Off-Balance Sheet Arrangements

During the periods presented, we did not have, nor do we currently have, any off-balance sheet arrangements as defined under SEC rules.

Emerging Growth Company ("EGC") Status

As an EGC under the JOBS Act, we may delay the adoption of certain accounting standards until such time as those standards apply to private companies. We have elected to use this extended transition period for complying with new or revised accounting standards that have different effective dates for public and private companies until the earlier of the date we (1) are no longer an emerging growth company or (2) affirmatively and irrevocably opt out of the extended transition period provided in the JOBS Act. As a result, our consolidated financial statements may not be comparable to companies that comply with new or revised accounting pronouncements as of public company effective dates.
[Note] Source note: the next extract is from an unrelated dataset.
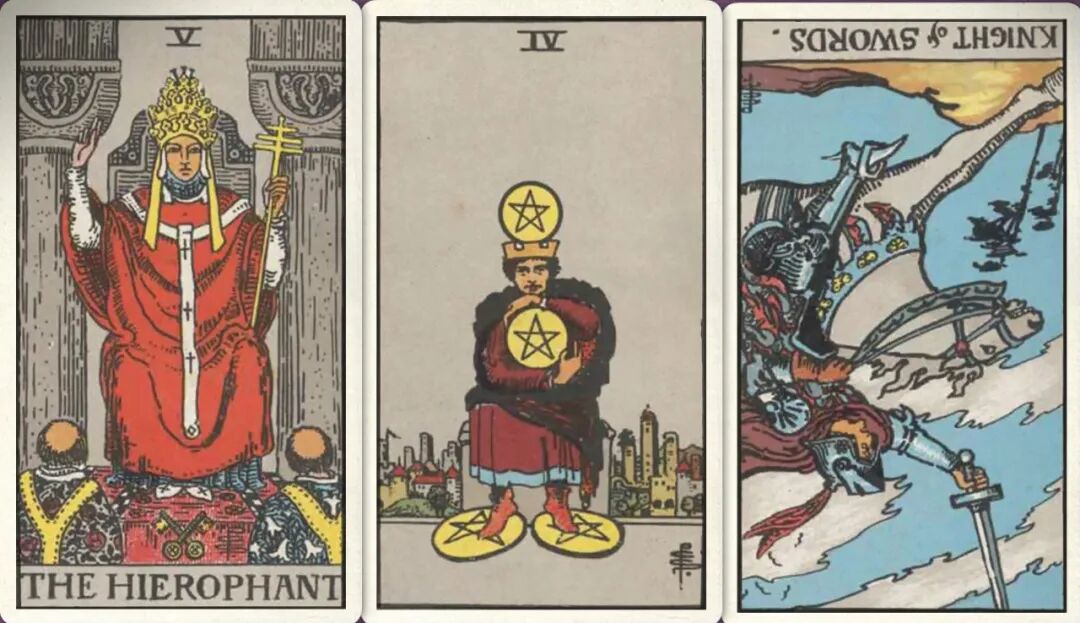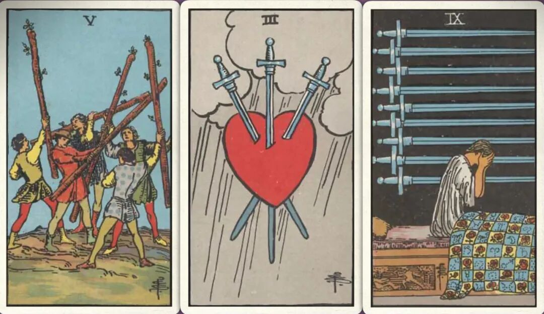 牌:权杖五+ 宝剑三+ 宝剑九+

Other exemptions and reduced reporting requirements under the JOBS Act for EGCs include presentation of only two years of audited financial statements in a registration statement for an IPO and in an Annual Report on Form 10-K, an exemption from the requirement to provide an auditor's report on internal controls over financial reporting pursuant to Section 404(b) of the Sarbanes-Oxley Act, an exemption from any requirement that may be adopted by the Public Company Accounting Oversight Board ("PCAOB") regarding mandatory audit firm rotation, and less extensive disclosure about our executive compensation arrangements.

We may remain classified as an EGC until December 31, 2026, although if the market value of our common stock that is held by non-affiliates exceeds $700 million as of June 30 of any year before that time, or if we have annual gross revenues of $1.235 billion or more in any fiscal year, we would cease to be an EGC as of December 31 of the applicable year. We also would cease to be an EGC if we issue more than $1.0 billion of non-convertible debt over a three-year period.